Source records section start

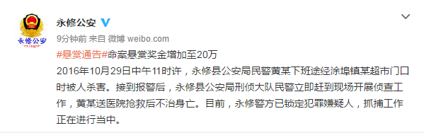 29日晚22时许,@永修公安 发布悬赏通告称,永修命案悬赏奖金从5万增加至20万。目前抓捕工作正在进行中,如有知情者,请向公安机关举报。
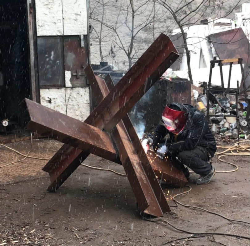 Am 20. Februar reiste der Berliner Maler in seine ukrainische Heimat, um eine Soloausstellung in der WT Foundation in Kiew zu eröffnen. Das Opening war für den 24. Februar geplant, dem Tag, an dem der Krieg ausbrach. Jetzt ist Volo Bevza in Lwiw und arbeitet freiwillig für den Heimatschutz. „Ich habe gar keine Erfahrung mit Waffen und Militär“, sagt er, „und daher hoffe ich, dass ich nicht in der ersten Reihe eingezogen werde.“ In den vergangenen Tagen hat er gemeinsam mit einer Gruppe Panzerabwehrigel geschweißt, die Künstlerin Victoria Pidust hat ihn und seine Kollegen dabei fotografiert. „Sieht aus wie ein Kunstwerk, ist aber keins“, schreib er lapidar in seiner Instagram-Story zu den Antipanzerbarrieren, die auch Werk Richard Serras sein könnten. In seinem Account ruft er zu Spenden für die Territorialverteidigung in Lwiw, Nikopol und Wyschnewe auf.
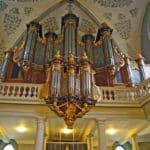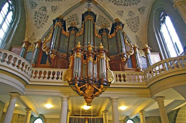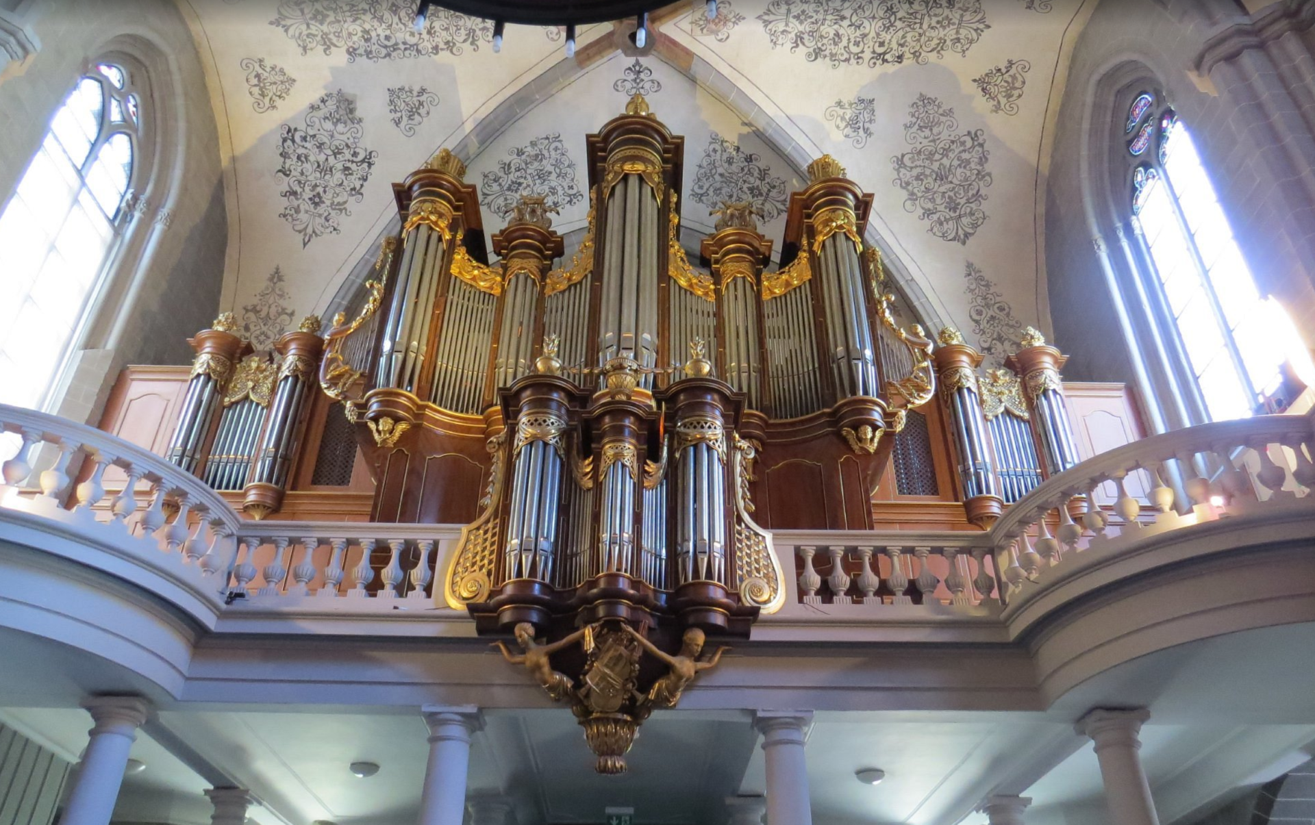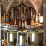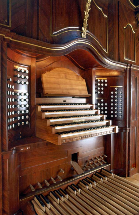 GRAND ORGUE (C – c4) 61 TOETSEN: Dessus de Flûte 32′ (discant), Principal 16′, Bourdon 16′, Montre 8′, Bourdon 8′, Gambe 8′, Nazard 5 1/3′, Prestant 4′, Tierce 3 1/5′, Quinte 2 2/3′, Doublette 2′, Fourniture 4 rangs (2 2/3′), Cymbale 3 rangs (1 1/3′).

Source records section end
Source records section start

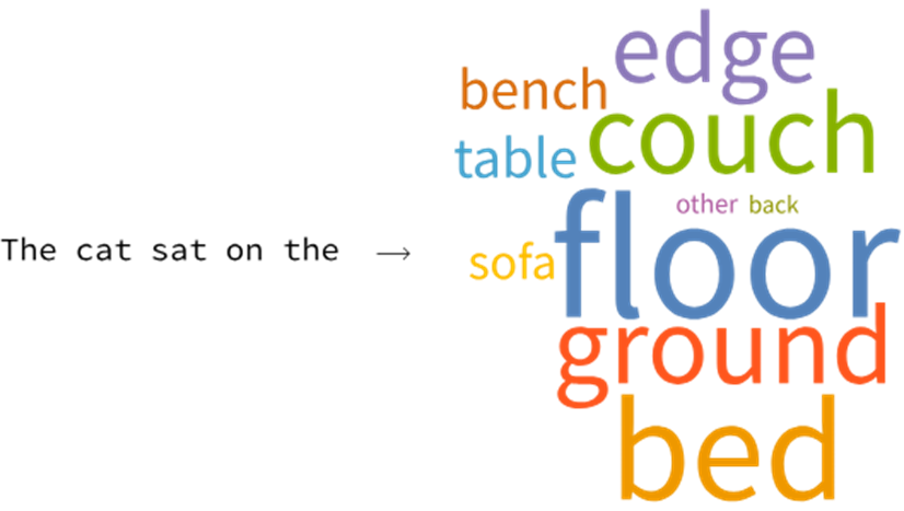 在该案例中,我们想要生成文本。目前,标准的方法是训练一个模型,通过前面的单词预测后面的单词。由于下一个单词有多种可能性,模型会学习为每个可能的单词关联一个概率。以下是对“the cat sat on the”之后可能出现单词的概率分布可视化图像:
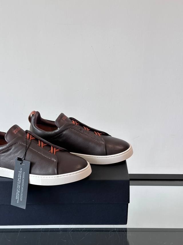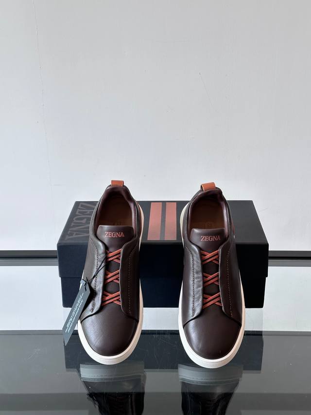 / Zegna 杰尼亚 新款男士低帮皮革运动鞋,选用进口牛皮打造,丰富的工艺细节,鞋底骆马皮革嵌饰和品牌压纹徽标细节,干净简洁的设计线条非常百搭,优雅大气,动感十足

Source records section end

Out of the records above, set down only the lines from the one that contains "29日晚22时许,@永修公安" through the one that contains "GRAND ORGUE (C", unchanged and without the pictures.

 29日晚22时许,@永修公安 发布悬赏通告称,永修命案悬赏奖金从5万增加至20万。目前抓捕工作正在进行中,如有知情者,请向公安机关举报。
 Am 20. Februar reiste der Berliner Maler in seine ukrainische Heimat, um eine Soloausstellung in der WT Foundation in Kiew zu eröffnen. Das Opening war für den 24. Februar geplant, dem Tag, an dem der Krieg ausbrach. Jetzt ist Volo Bevza in Lwiw und arbeitet freiwillig für den Heimatschutz. „Ich habe gar keine Erfahrung mit Waffen und Militär“, sagt er, „und daher hoffe ich, dass ich nicht in der ersten Reihe eingezogen werde.“ In den vergangenen Tagen hat er gemeinsam mit einer Gruppe Panzerabwehrigel geschweißt, die Künstlerin Victoria Pidust hat ihn und seine Kollegen dabei fotografiert. „Sieht aus wie ein Kunstwerk, ist aber keins“, schreib er lapidar in seiner Instagram-Story zu den Antipanzerbarrieren, die auch Werk Richard Serras sein könnten. In seinem Account ruft er zu Spenden für die Territorialverteidigung in Lwiw, Nikopol und Wyschnewe auf.
 GRAND ORGUE (C – c4) 61 TOETSEN: Dessus de Flûte 32′ (discant), Principal 16′, Bourdon 16′, Montre 8′, Bourdon 8′, Gambe 8′, Nazard 5 1/3′, Prestant 4′, Tierce 3 1/5′, Quinte 2 2/3′, Doublette 2′, Fourniture 4 rangs (2 2/3′), Cymbale 3 rangs (1 1/3′).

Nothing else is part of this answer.